The complete list of these parameters is extensive and will continue to expand because decentralized finance’s rapid evolution and innovation is subject to novel hacks and exploits. With each new protocol, hack and exploit, more information is collected to generate even more comparable risk ratings. Machine learning algorithms can run this data to determine risk factors and create more accurate risk ratings. This provides Steady State with a baseline for risk if they seek insurance through our platform.

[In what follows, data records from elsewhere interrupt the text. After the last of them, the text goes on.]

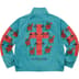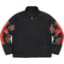 All cotton chino twill with full zip closure. Two-button closure at collar and welt hand pockets at lower front. Tab adjusters at cuffs and elastic hem. Printed graphics on sleeves and back. Original artwork by Sue Clowes.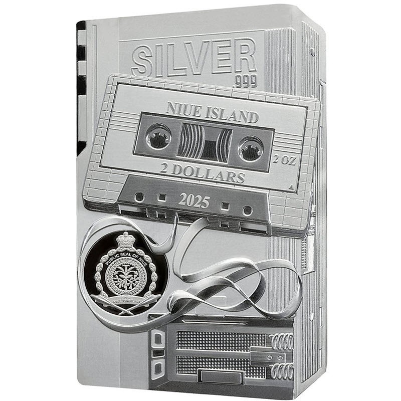 Эта удивительная серебряная монета весом в 2 унции посвящена знаменитому плееру Walkman размером 65 Х 41 мм. Она четвертая из серии «TechStalgic», которая прославляет пересечение цифровых технологий 80-90 годов и ностальгии. У нее качество пруф. Поставляется в футляре с сертификатом подлинности. Тираж: 499 штук.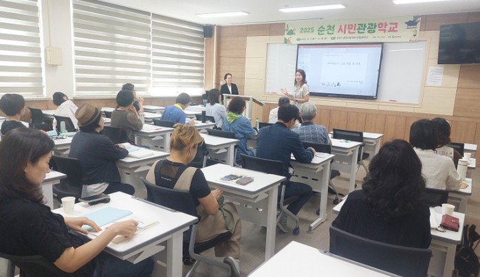 | ▲ 순천 시민관광학교에 참여한 시민들이 치유분야 강좌를 듣고 있다. |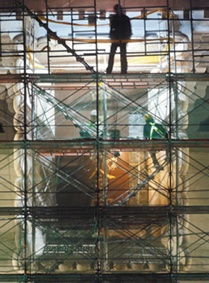 原紀(jì)念堂主建筑的牌匾,長(zhǎng)近四米,寬二點(diǎn)四米,由十五塊花崗巖板組成,中間五塊巖板陰刻“中正紀(jì)念堂”五字。昨天下午開(kāi)始拆卸,到了夜間仍施工,已經(jīng)拆除牌匾右邊的幾塊。預(yù)定今天繼續(xù)拆,拆完就可掛新牌匾,舊牌匾存放在紀(jì)念堂內(nèi)的文史館。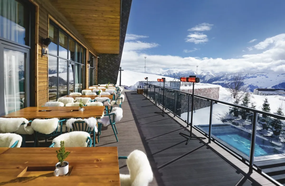 Номера отеля Gudauri Lodge спроектированы с акцентом на комфорт, сохраняя при этом связь с природой через панорамные виды. В фирменном ресторане подают грузинские блюда из местных продуктов – традиционная кухня сочетается с современной подачей в уютной атмосфере.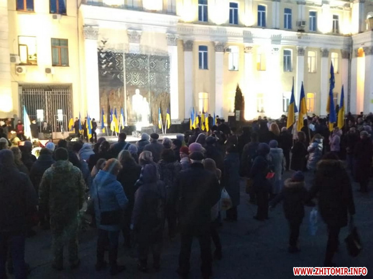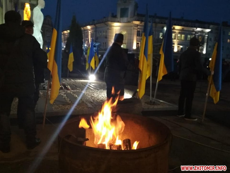 Наприкінці робочого дня 20 лютого на майдані Корольова у Житомирі розпочалося віче пам’яті та вшанування Героїв Небесної сотні.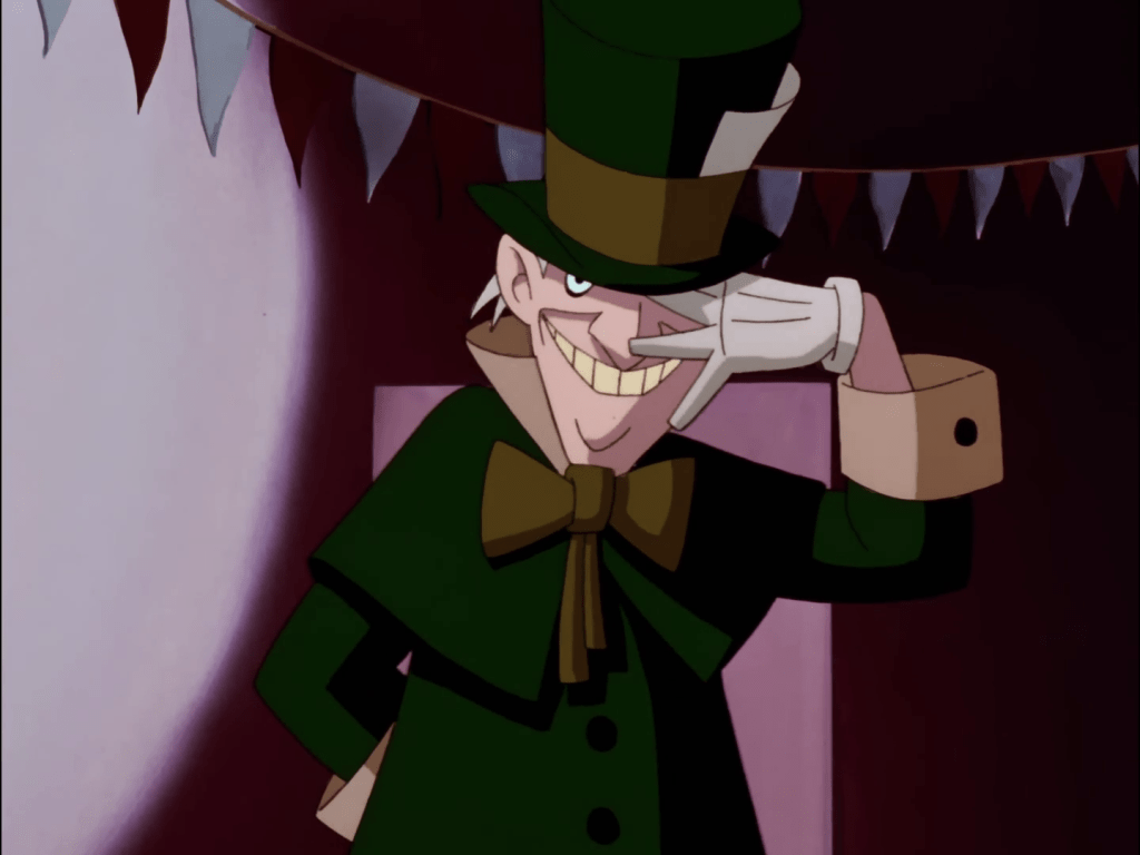 The colours of Mad Hatter’s wig and real hair are briefly switched during his reveal. This is also the second time a villain has hidden in plain sight as a clown.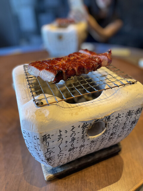 まずは身のジューシーさを味わう叉焼が炭火台にのって出てきます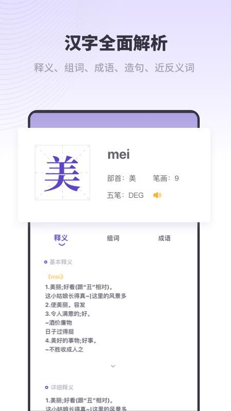 新编字典2020app是一款功能强大的字典和词典,用户可使用该应用,快速的查找各种汉字、短语以及成语,轻松就能进行查看,带给了用户便利;应用拥有多种查询方式,包括了拼音查找、部首查找、笔画查找等等,充分的还原了纸书字典的查询模式,查找更加的迅速,能帮助用户快速的了解到所查询字词的详细释义、组词、造句、正反义词等信息,轻松即可进行学习,学习效率得到显著的提升;同时,每一个字词都拥有真人的发音,能为用户提供专业、标准和清晰的拼读音频,让用户可以迅速的学习到正确的发音方式,非常的具有实用性。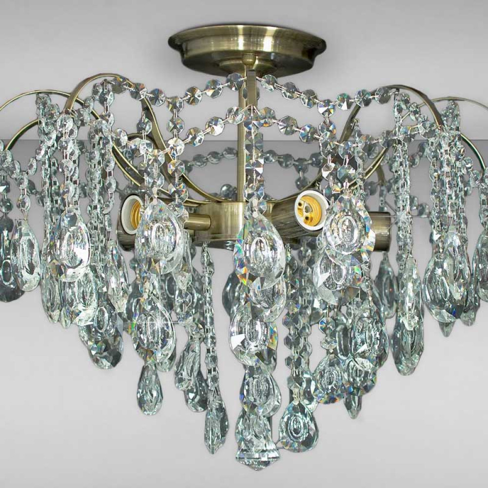 Стельова люстра в класичному стилі на п'ять ламп з кришталевими підвісками. Вона буде королевою вашої кімнати.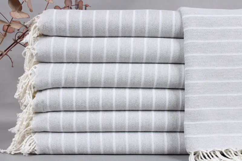 The product features woven towels characterized by Turkish cotton, ensuring superior absorbency and softness. Dimensions specify 40x71 inches or 100x180 centimeters, with a weight of 300 grams. The hand-weaving process results in a tolerance of ±2 inches or 5 centimeters.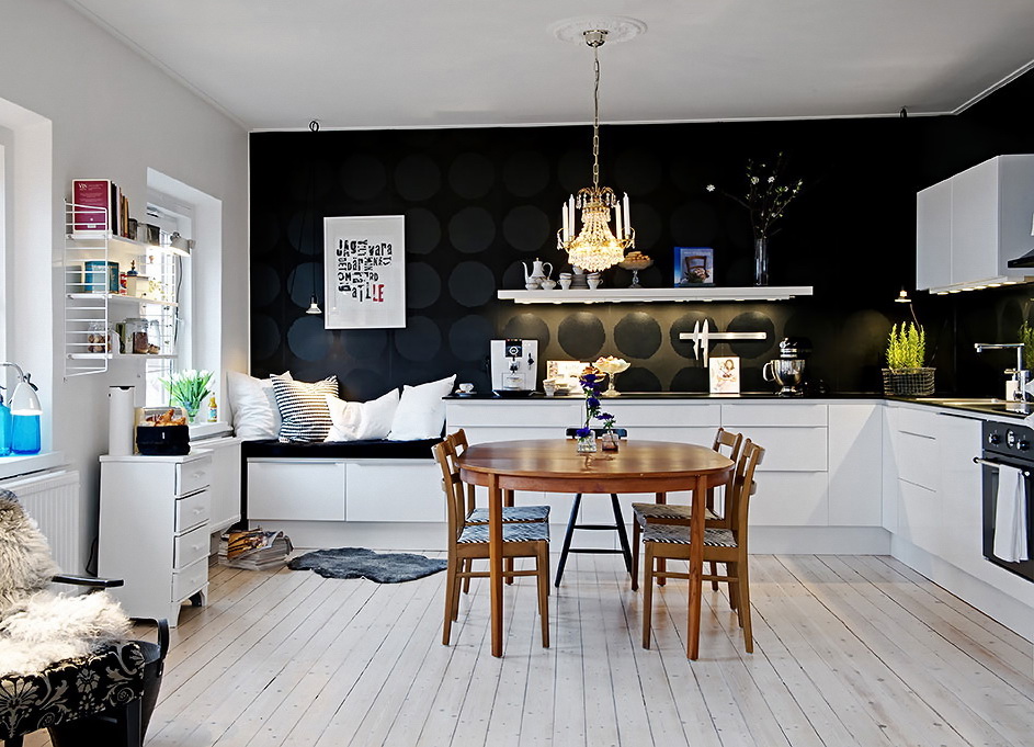 Как правило, мы редко используем кухню только в качестве рабочего помещения. Обычно в этой комнате мы размещаем столовую зону, а иногда даже и небольшую гостиную. Проще всего воссоздать такой многофункциональный дизайн, объединив кухню и комнату. Если стена между кухонным помещением и комнатой не является несущей, то ее можно снести (частично, устроив арку или даже полностью).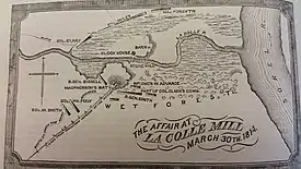 Wilkinson marched northwards from Plattsburgh to attack this outpost on 27 March 1814. His force consisted of 4,000 men organised into three brigades, with 11 pieces of artillery. The march was delayed by deep snow and mud, and he was not able to occupy Odelltown until 30 March, and begin the attack on Lacolle Mill until the early afternoon.[7]

At this point, the protocol recommends the rate at which rewards should be distributed among coverage providers. The risk ratings generated by RAD will be open-source and transparent so that all parties can see what factors determine the output. The parties may choose to ignore RAD’s assessment and open source data to create a sub-optimal policy with greater risk, at their own risk. In all cases, the RAD system will aim to provide as much data that can possibly be collected on a particular protocol’s risk. By efficiently reading on-chain data, RAD is poised to grow at the same exponential rate as decentralized finance, collecting and compiling ever-growing archives of information, assessing its relevance, and generating accurate, machine learning-based calculations.
Although incubated by the Steady State team, RAD would serve greater purpose and become more efficient if separated from Steady State as its own independent, open-source project of its own. Several factors have gone into this decision, the primary one. To increase its efficiency further, we intend to develop a “Data DAO” for contributors to earn rewards when they provide accurate information to the database. Open-source and blockchain technology empowers everyone to participate in a meaningful way. In this case, RAD can leverage the collective knowledge of those active or indifferent about blockchains and help build the most comprehensive collection of risks in the space.
RAD is set on a course to be the flagship, go-to database for DeFi risk data and ratings, systematically built from the ground up as a comprehensive aggregation of on-chain information and the conditions under which the threat, hack or exploit took place. RAD functions as a core mechanism of Steady State and enables other protocols to optimize their coverage pools as well. By open-sourcing the technology, we anticipate the DeFi community will find creative new ways to help build, contribute to, and use the Risk Assessment Database.